Ecological approach to studying peace and war

It is unlikely that the human capacity for inhumanity can ever be adequately explained by any one theory. We believe that all behavior is multi-determined—that is, many forces at a variety of levels contribute to any one type of behavior, including aggression.

We subscribe to what has been called an ecological approach to understanding complex behaviors. This approach involves constructs reflecting different contexts that influence individuals and are in turn influenced by those individuals. That set of constructs includes: the macrosystem, the exosystem, the microsystem, and the individual.

For example, an individual’s concerns about “national security” are influenced by:

  • The values and mass media positions of the society at large (the macrosystem)
  • The views expressed in places of worship, neighborhood, and more local media (the exosystem)
  • Lessons promulgated within the home and family (the microsystem)

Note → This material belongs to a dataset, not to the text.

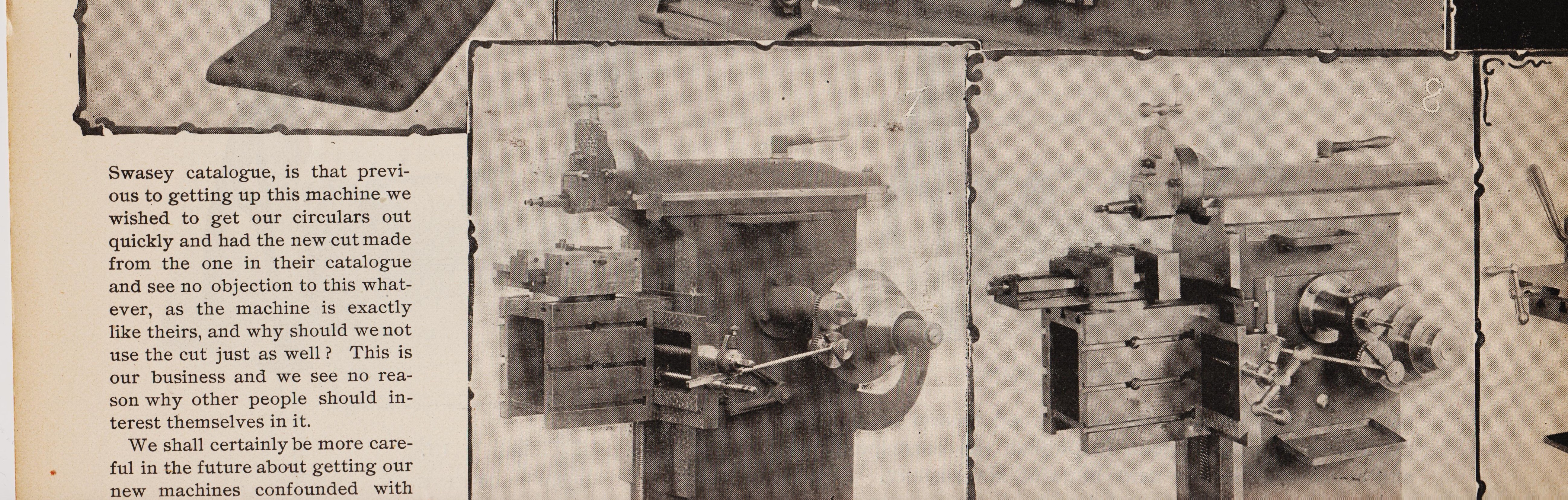 Swasey catalogue, is that previ-ous to getting up this machine we wished to get our circulars out quickly

Moreover, individuals bring to all of their interactions their own genetic heritage and the results of their personal experiences, beginning in the womb. Sometimes that heritage and those experiences can lead individuals to behave in ways that change the microsystem, or the exosystem, or the macrosystem. Think of Gandhi, Nelson Mandela, Martin Luther King.

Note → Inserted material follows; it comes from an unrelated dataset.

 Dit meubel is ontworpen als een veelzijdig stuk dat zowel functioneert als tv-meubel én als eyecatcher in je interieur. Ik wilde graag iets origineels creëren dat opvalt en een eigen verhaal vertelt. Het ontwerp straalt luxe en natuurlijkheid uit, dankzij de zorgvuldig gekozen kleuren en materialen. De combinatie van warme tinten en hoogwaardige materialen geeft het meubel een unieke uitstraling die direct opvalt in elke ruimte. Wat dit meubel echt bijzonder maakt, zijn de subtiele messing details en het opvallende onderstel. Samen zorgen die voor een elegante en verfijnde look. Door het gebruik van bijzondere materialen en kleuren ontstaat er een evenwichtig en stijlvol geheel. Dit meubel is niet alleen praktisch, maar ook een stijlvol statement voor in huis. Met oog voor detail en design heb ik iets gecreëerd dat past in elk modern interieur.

Consider also your own views on national security, on torture, on terrorism. How many influences on those views, at what levels of experience, can you identify?

In our next post, we start considering psychological theories that focus on thoughts and emotions that individuals bring to their interactions, as well as the thoughts and emotions they carry away from those interactions.

Individuals’ tendencies to incorporate ideas from the different environments in which they grow and to which they adapt can lead to a great deal of ingroup and outgroup thinking that can provide a basis for enduring conflict.